The Parable of the Two Sons


Wonderful is the influence of home. It was a vision of home that first flashed its divine light upon the prodigals’ soul. He said, “How many hired servants of my father’s have bread enough to spare!” As he sad there watching the swine and famishing, there came back to him a memory of the days of innocence and plenty in his father’s house. Many a man has been saved far on in his years by such a memory. The old home tugs at our hearts, no matter where we wander. The child of sin who has wasted all her beauty in evil, when the hectic flush comes on her cheeks and the ominous cough racks her body, creeps back home to die in her mother’s bosom.
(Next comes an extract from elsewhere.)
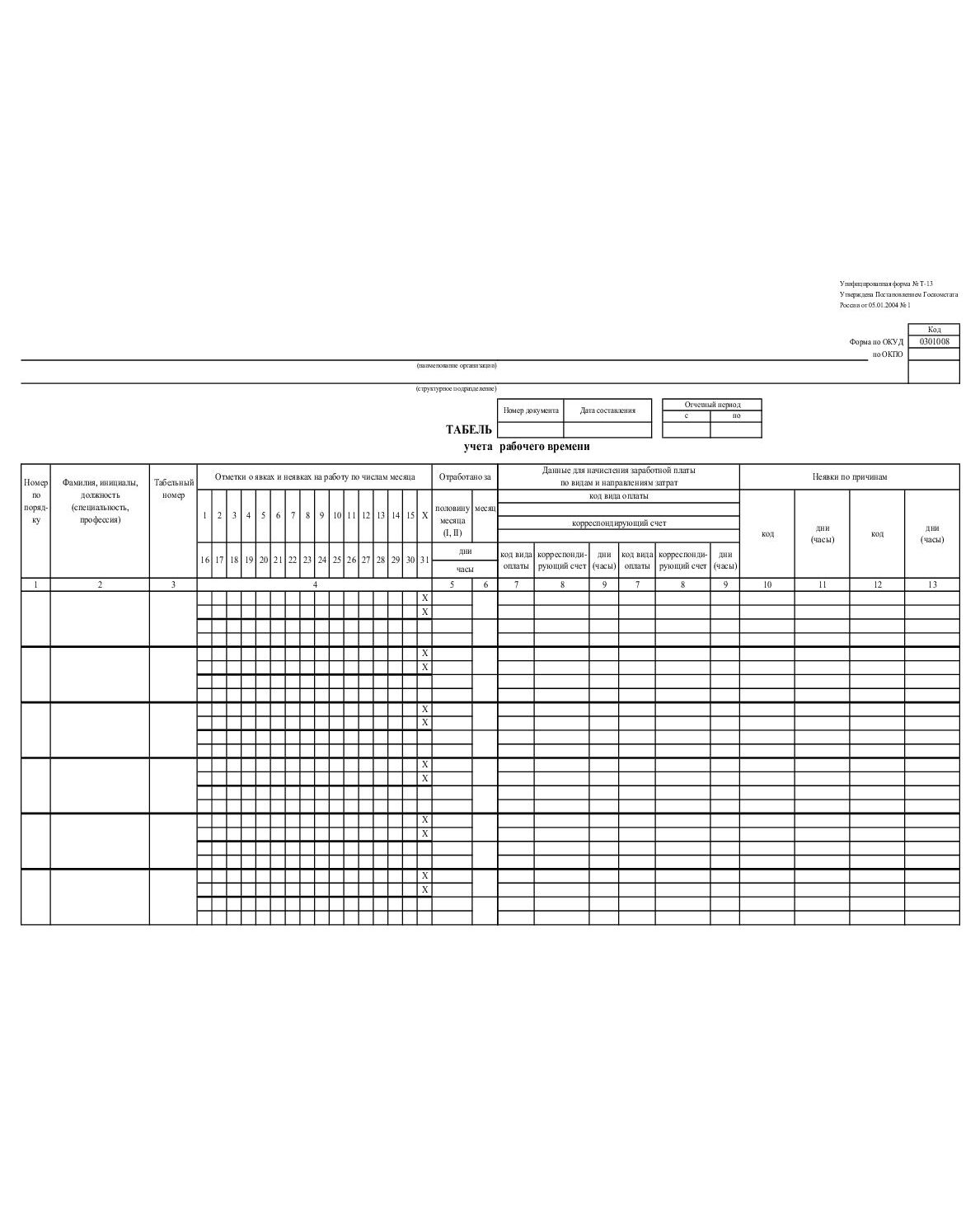 Т-13 Табель учета рабочего времени. Унифицированная форма № Т-13. Утверждена Постановлением Госкомстата России от 05.01.2004 № 1 (А3, 2-стор.)

The soul’s true home is in God. That is where we all belong. In our childhood life heaven lies about us. This is a world of sin, and we are fallen creatures, but there are in us fragments of the defaced image of God — gleams of tenderness, flashes of nobleness, pulsings of good feeling, longings for better things, and visions of purity — which tell of an origin above this world. It is a blessed moment when one living in sin there comes a vision of the love of God and of holiness. Home is the one place in this world whose door is never shut in a man’s face, howsoever evil he has made himself.

Quickly the young man made up his mind. “I will arise and go to my father.” The glimpse which memory had given him of the home, bright with love and joy, while he was wasting his life in wretchedness, was enough. He saw in a vision his father’s house, and beaming there in the doorway he saw the face which had looked into his the morning he came away, with love and yearning. Even the servants in that home had enough and to spare. Relentlessly, the old home drew on his heart.

Many people resolve to do right, and then take no steps toward the doing of it. This young man, however, carried out his good resolve at once. It was not easy to go home. He had come away rich, well-dressed, happy, and proud; he must go back stripped of all, a poor beggar, with penitence and confession. But he did not hesitate. He was too much in earnest to think of the cost of his repentance.